I was doing some exercises of Rolle's theorem. But, they didn't check the differentiability the way we checked differentiability normally. I am giving some examples.
When I was checking differentiability with limit (before differentiation) I was just putting $x$ values which given in question. Like $x=2$ check it is differentiable or not.
$$Rf'(x)=\lim_{h \to 0} \frac{f(x-h)-f(x)}{h}$$
I had put $2$ instead of $x$. But, something else is happening in Rolle's theorem.
Verify Rolle's theorem for the function $f(x) = x^2$ in the interval $[-1,1]$.
In answer they didn't change $x$.
Verify Rolle's theorem for the function $f(x) = x^{\frac{2}{3}}$ in the interval $(-1,1)$.

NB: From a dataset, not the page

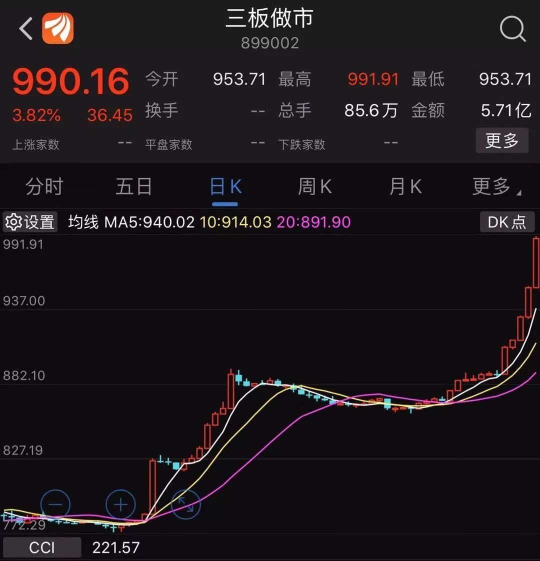 在各项利好影响下,三板指数继续疯狂上涨,月线已经录得7连阳!1月6日,三板指数大涨3.82%,个股方面,精英智通大涨近34%,博采网络、大泽电极、ST明利、金天地、中喜股份、超毅网络等11股大涨超过20%。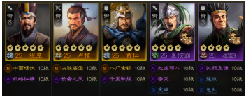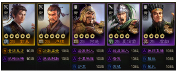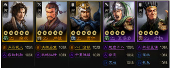 该阵容搭配“英雄传记”完成后系统赠送的武将卢植、签到第一天赠送的夏侯霸,紫将可以选择虞翻+朱桓+黄权+何进,其中朱桓传承战法【千里驰援】,黄权传承战法【机略纵横】,开局系统赠送的关平和朱然也分别传承战法【奋突】【惑敌制胜】,这样该阵容就已搭建完成。

They had written $0$ instead of $x$ this time. I am confused how to find the value. In earlier problem it was closed interval. And, it is open interval now. Which law should I apply to find the value?
For the function $f(x)=x$ when $0 \leq x \leq 1$, $f(x) = 2-x$ when $1 < x \leq 2$, $f(0)=0=f(2)$, according to the Rolle's theorem there exist at least one point in the interval $(0,2)$ such that $f'(x)=0$ but $f'(x) \neq 0$ for any $x \in (0,2)$ why not, explain.
This time they had put $1$ instead of $x$.
I was solving some problems by myself. I noticed in question they gave us two value inside interval. I was trying to solve first problem (which I wrote here) with $-1$ instead of $x$ (as I said they used $x$ but, I tried to use $x$) than, I noticed that function is differentiable. To verify Rolle's theorem I needed a $x$ for that function. For Rolle's condition $f'(c)=0$. Without $x$ I can't solve the condition. Now, I think it's ok if I use $x$ always, isn't it?
I believe it is because of some special condition.
In the first case, it is a common smooth function therefore there is no need to check with differentiability for all points in the domain.
In the second case, only the point x=0 needs further specification.
As in the third case, as x = 1 is the connecting point, we need to further examine the continuity and differentiability condition with respect to that point.
As to the closed and open intervals, it is on the problem of continuity and differentiability, we often require continuous on closed interval and differentiable on open interval.